Belize has placed herself in a very precarious position. The international community is pressuring for going to the ICJ and the Guatemalans will more than likely vote YES to take all their claims to the ICJ, so the pressure in now on Belize to secure a YES vote at the referendum to save face and not being declared “an enemy of peace”. To this end the MFA has publicly declared that Belize needs to go to the ICJ and that they are continuing with their public education campaign, albeit silently, and no doubt trying to secure a YES vote at the referendum. Consequently, Belizeans will not get to hear “the other side of the story” from the proponents of a NO vote to go to the ICJ as this will not be funded by the MFA. This will defeat the original intention for Belizeans to be fully educated on the pros and cons for going to the ICJ so that they can make an informed decision when voting at the referendum. As a result, Belizeans will be railroaded into voting YES at the referendum and which can be detrimental to the territorial integrity of Belize.

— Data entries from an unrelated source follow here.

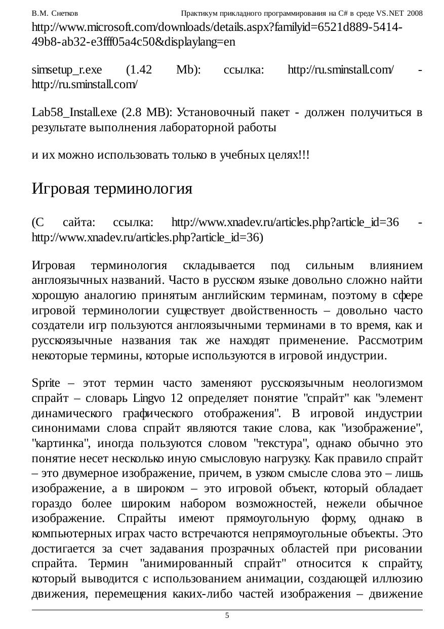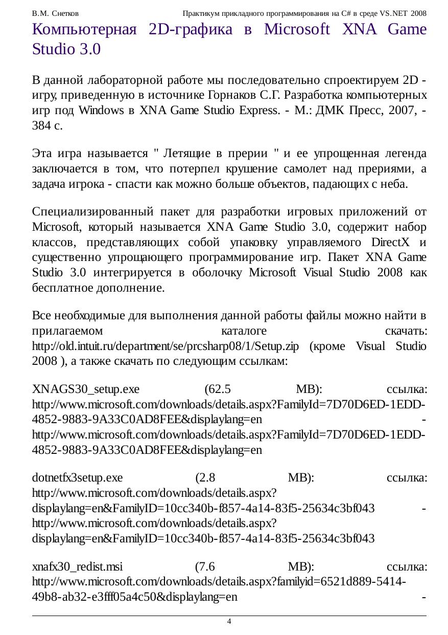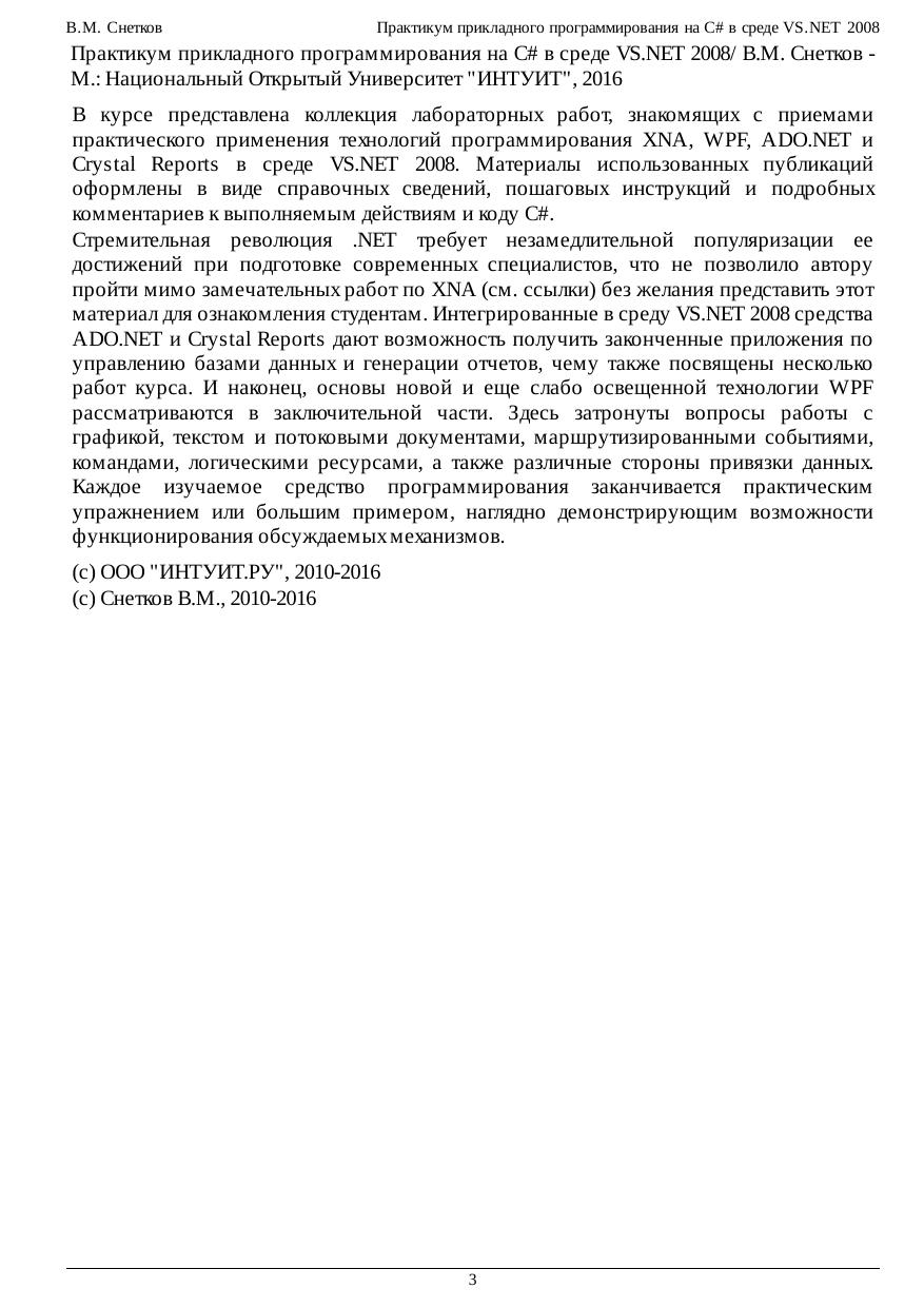 В курсе представлена коллекция лабораторных работ, знакомящих с приемами практического применения технологий программирования XNA, WPF, ADO.NET и Crystal Reports в среде VS.NET 2008. Материалы использованных публикаций оформлены в виде справочных сведений, пошаговых инструкций и подробных комментариев к выполняемым действиям и коду C#. Стремительная революция .NET требует незамедлительной популяризации ее достижений при подготовке современных специалистов, что не позволило автору пройти мимо замечательных работ по XNA (см. ссылки) без желания представить этот материал для ознакомления студентам. Интегрированные в среду VS.NET 2008 средства ADO.NET и Crystal Reports дают возможность получить законченные приложения по управлению базами данных и генерации отчетов, чему также посвящены несколько работ курса. И наконец, основы новой и еще слабо освещенной технологии WPF рассматриваются в заключительной части. Здесь затронуты вопросы работы с графикой, текстом и потоковыми документами, маршрутизированными событиями, командами, логическими ресурсами, а также различные стороны привязки данных. Каждое изучаемое средство программирования заканчивается практическим упражнением или большим примером, наглядно демонстрирующим возможности функционирования обсуждаемых механизмов.
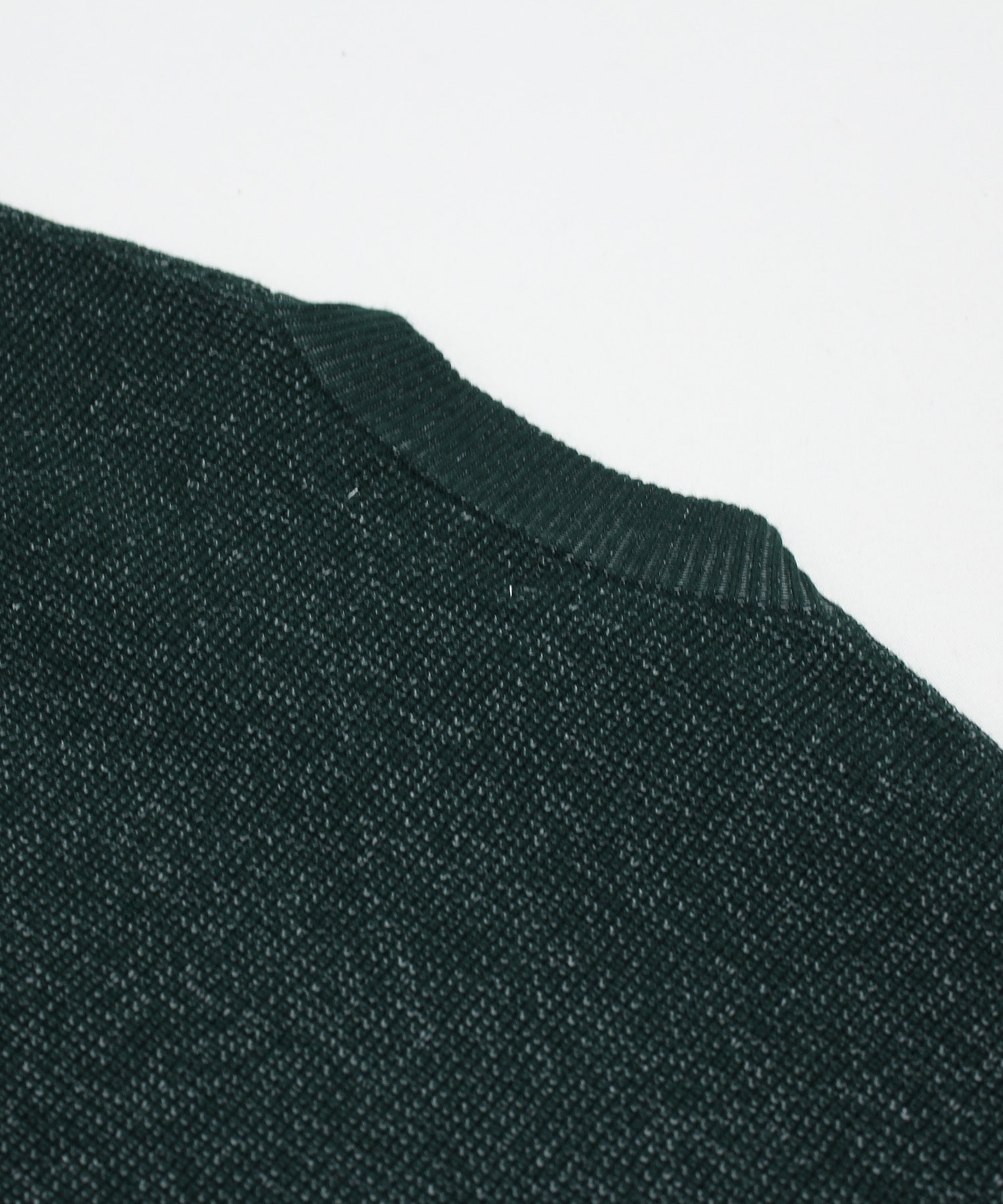 綿アクリルの糸に、違う色のナイロン糸を引き揃えて、メランジっぽく見せたニットのシリーズです。
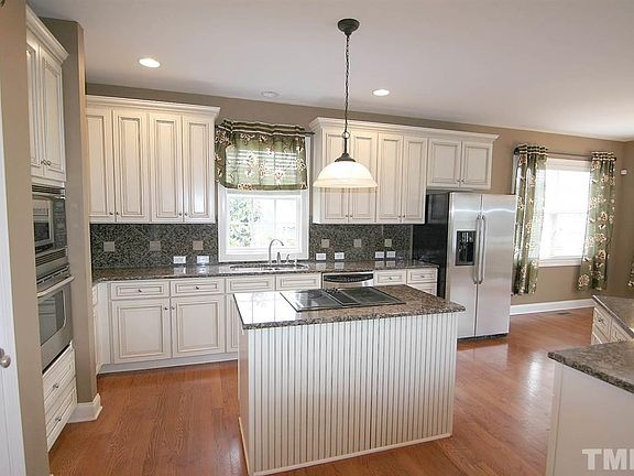 Prime N Ral Loc, Best Schools, Corner Lot Brick Front Former Model Home w/ Many Upgrades. Hardwoods, Open Kit w beautiful Cabinets, SS Appliances,granite, Island overlooking 2-story Fam rm; Large 1st Fl Master w/ Granite, Sep Shower WIC, Fenced Yard. Bonus Room w/Bar & Storage. Stone Patio w/Pergola, Irrigation;Sep Office AND 5BR. Oversized Din rm; Minutes from Shopping, I540, RTP;New carpet; New Paint throughout most of home; Great Layout for Growing Famil; HVAC's <2yrs; Ready to move in today!

While going to the ICJ has its merits, it is extremely risky to go to the ICJ with the SA as is and some of the reasons are (i) the SA is inviting “any and all” claims of Guatemala to be taken to the ICJ for final determination despite the fact that all of Guatemala’s claim died with the signing of the 1859 boundary treaty and again with the 1931 exchange of notes – why invite dead claims?; (ii) in signing the SA Belize has agreed that all or a piece of Belize can be given to Guatemala by the ICJ; (iii) Belizeans are being asked to vote YES in a national referendum to take the Guatemalan claims to the ICJ but we do not know exactly what the claims are; (iv) only if Belize and Guatemala vote YES at their respective referenda will we know exactly what the Guatemalan claims are – too late; (v) if you vote YES at the referendum you are voting your willingness to give up a piece or all of Belize to Guatemala at the ICJ; (vi) once the process has started there is no turning back and we have to abide by the ICJ’s final decision (SA clauses 5&6); (vii) only the Guatemalan claims will be determined by the ICJ as Belize is claiming nothing, not even the validity of the 1859 treaty; (viii) the ICJ will only rule on the question submitted and which relates to the Guatemalan claims in accordance with the SA; (ix) if as a result of voting YES at the referendum, a piece of Belize is given to Guatemala by the ICJ, the Government of Belize will not take blame for not educating you properly but will say – that’s what you voted for.
As patriotic Belizeans we need to further educate ourselves on the Belize-Guatemala territorial dispute and vote NO at the national referendum to take the Guatemalan claims to the ICJ so that we can preserve this little Jewel of ours despite the repercussions we will face from the international community. “Ya da fu we Belize” and “da we live ya”.